**What to do**
Return the lines below exactly, please, from the one containing "Coastal Mart 9131" through the last one, both included, and leave out any pictures.

**Data shown**

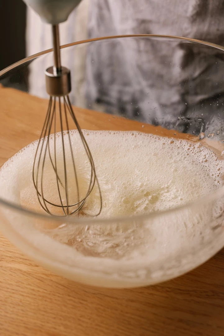 В окремій ємності збиваємо білки до густої однорідної текстури.
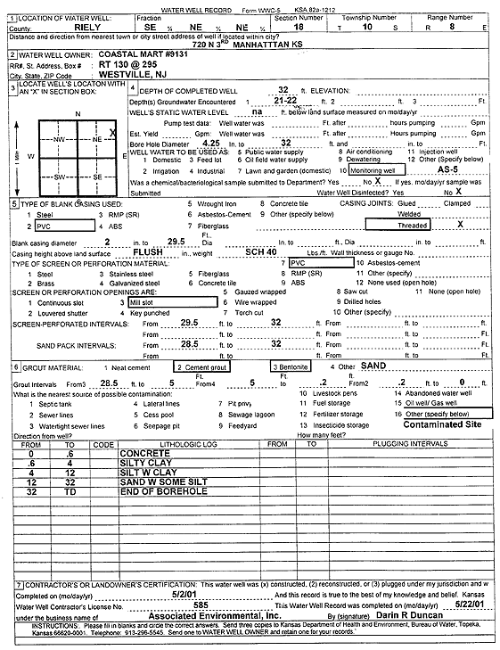 Coastal Mart 9131 | 32 ft. | Environmental Remediation, Air Sparge | AS 5 | Constructed | 02-May-2001 | Scan | ||
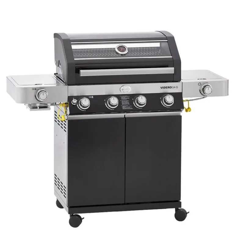 Rösle Videro G4-S gassgrill med mange funksjoner. Gassgrill med fire hovedbrennere av rustfritt stål (3,5 kW hver). Hovedgrillområde: 70 x 45 cm, oppvarmingsstativ: 70 x 16 cm. Solid grillrist av emaljert støpejern sørger for de klassiske grillmerkene.

**Completed task**
 Coastal Mart 9131 | 32 ft. | Environmental Remediation, Air Sparge | AS 5 | Constructed | 02-May-2001 | Scan | ||
 Rösle Videro G4-S gassgrill med mange funksjoner. Gassgrill med fire hovedbrennere av rustfritt stål (3,5 kW hver). Hovedgrillområde: 70 x 45 cm, oppvarmingsstativ: 70 x 16 cm. Solid grillrist av emaljert støpejern sørger for de klassiske grillmerkene.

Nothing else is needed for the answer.